The week begins Sunday, June 26 with an awards ceremony at Manning, (10 a.m.) followed by the softball (noon) and baseball (2 p.m.) games at neighboring Fraser Field. Boys and girls basketball games will be played Monday at Lynn Classical, followed by boys and girls lacrosse boys and girls soccer Wednesday and concluding with the football game Thursday.

In addition, five new members of the Agganis Hall of Fame, honored for their contributions either to the foundation, the games, or youth sports in general, will be announced at Sunday’s awards breakfast.

Among other coaches already named for this year’s games are Kevin Canty (Bishop Fenwick) and Dave Wilbur (Beverly) in baseball; Stan McKeen (Peabody) and Katelyn Leonard (Swampscott) in girls basketball; and Dave Born (Swampscott) and Alan LaRoche (Ipswich) in boys basketball.

In girls soccer, Ken Leeder (Swampscott) and Tim Phelan (Austin Prep) are on board with two others still to be named. Boys soccer and softball are still to be determined.

Cicatelli relishes the opportunity to coach the elite players of the area.

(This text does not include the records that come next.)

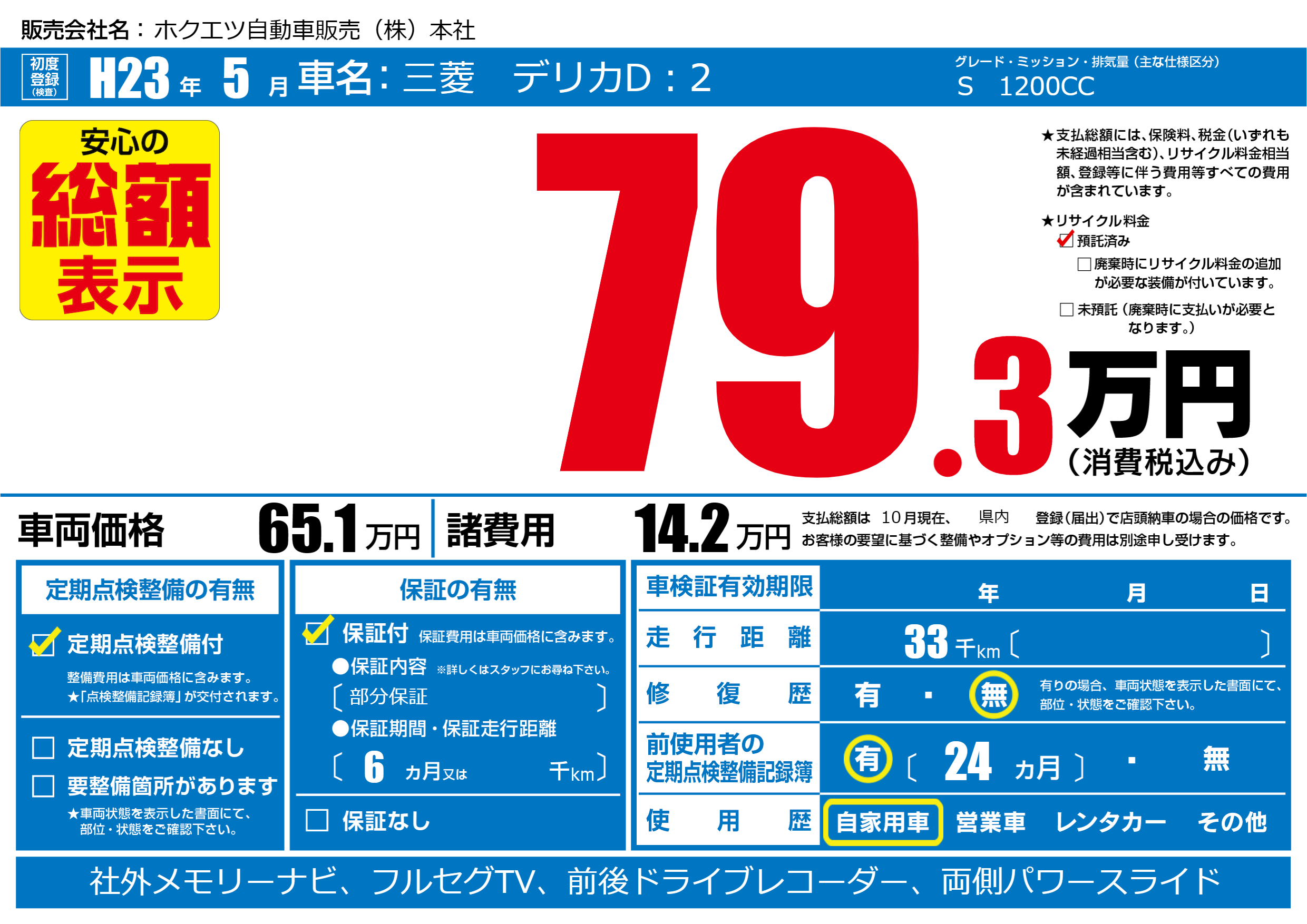 | 走行キロ | 3.3万km | 初年度登録 | H23年5月 |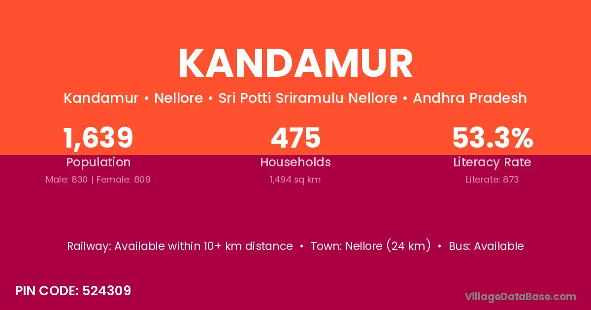 Nellore (24 km) is the nearest town to Kandamur village for major economic activities and is located approximately 24 km away.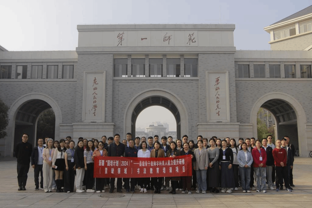 2024年11月13日上午,新疆维吾尔自治区“国培计划(2024)”——县级骨干教师学科育人能力提升研修(紧缺领域)书法教育培训项目开班典礼在太阳成集团tyc122cc鹤鸣南111举行,本项目由太阳成集团tyc122cc承办。美术与设计公司党委书记杨虎智、副经理(主持行政工作)首席专家蔡惠萌、现代教育发展公司副经理刘炜、项目管理团队和49位新疆中小学书法教育骨干教师共同出席此次典礼。典礼由太阳成集团tyc122cc书法学系副主任王振凯主持。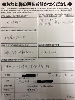 同じ症状でお悩みの方へメッセージをお願いします。痛みがあったらすぐ来院したほうが良いと思います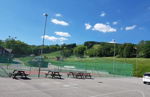 Chalupa Mates Černý důl provides a sauna and free private parking, and is within 11 miles of Bus Stop Strážné and 26 miles of The Grandmother's Valley. This chalet features ski-to-door access, a garden, as well as a tennis court. The pool features a fence and mountain views. With free Wifi, this 3-bedroom chalet offers a satellite flat-screen TV, a washing machine, and a fully equipped kitchen with a dishwasher and oven. The unit at the property features a shower and a dressing room. There's also a seating area and a fireplace. A mini-market is available at the chalet. Guests at the chalet can enjoy skiing and cycling nearby, or make the most of the sun terrace. Western City is 28 miles from Chalupa Mates Černý důl. Pardubice Airport is 53 miles from the property.

“There’s nothing like meeting different kids from different areas,” he said. “You get a chance to coach some of the best kids from the area. It’s a coach’s dream, and it sounds very exciting.”

Cicatelli is also eager to showcase the newly-refurbished Della Russo Stadium, where the Agganis South team will practice beginning next week.

“We really want to show it off,” he said. “Also, we had a really nice season last fall, and we have a good group of all-stars ourselves.”

Even though he says Jim DelGaizo has to be considered the city’s best athlete ever (he played for Syracuse and the Miami Dolphins), he heard plenty about Agganis growing up.

“My God,” he said, “my father and my neighbor, all they talked about was Harry Agganis. It’s hard to believe the stuff the guy accomplished. He was quite the athlete and quite the person.

Wilbur is a football guy and a baseball guy, having coached at Salem High with Ken Perrone. As a kid growing up in Newburyport, he knew all about the Agganis legacy.

“When I was a kid, the Agganis game was the biggest football all-star game in the state,” he said. “Every great player in Eastern Mass., north and south of Boston, played in that game. There was always a big crowd. That’s the type of honor it was.”

Agganis, he said, “had that kind of a mystique, a lot like Tony Conigliaro — a guy whose promising career was cut short. He had a great life, but it was certainly short-lived.”

Wilbur said he agreed to coach the baseball game even though his son, Tom, is turning 20 on the same day.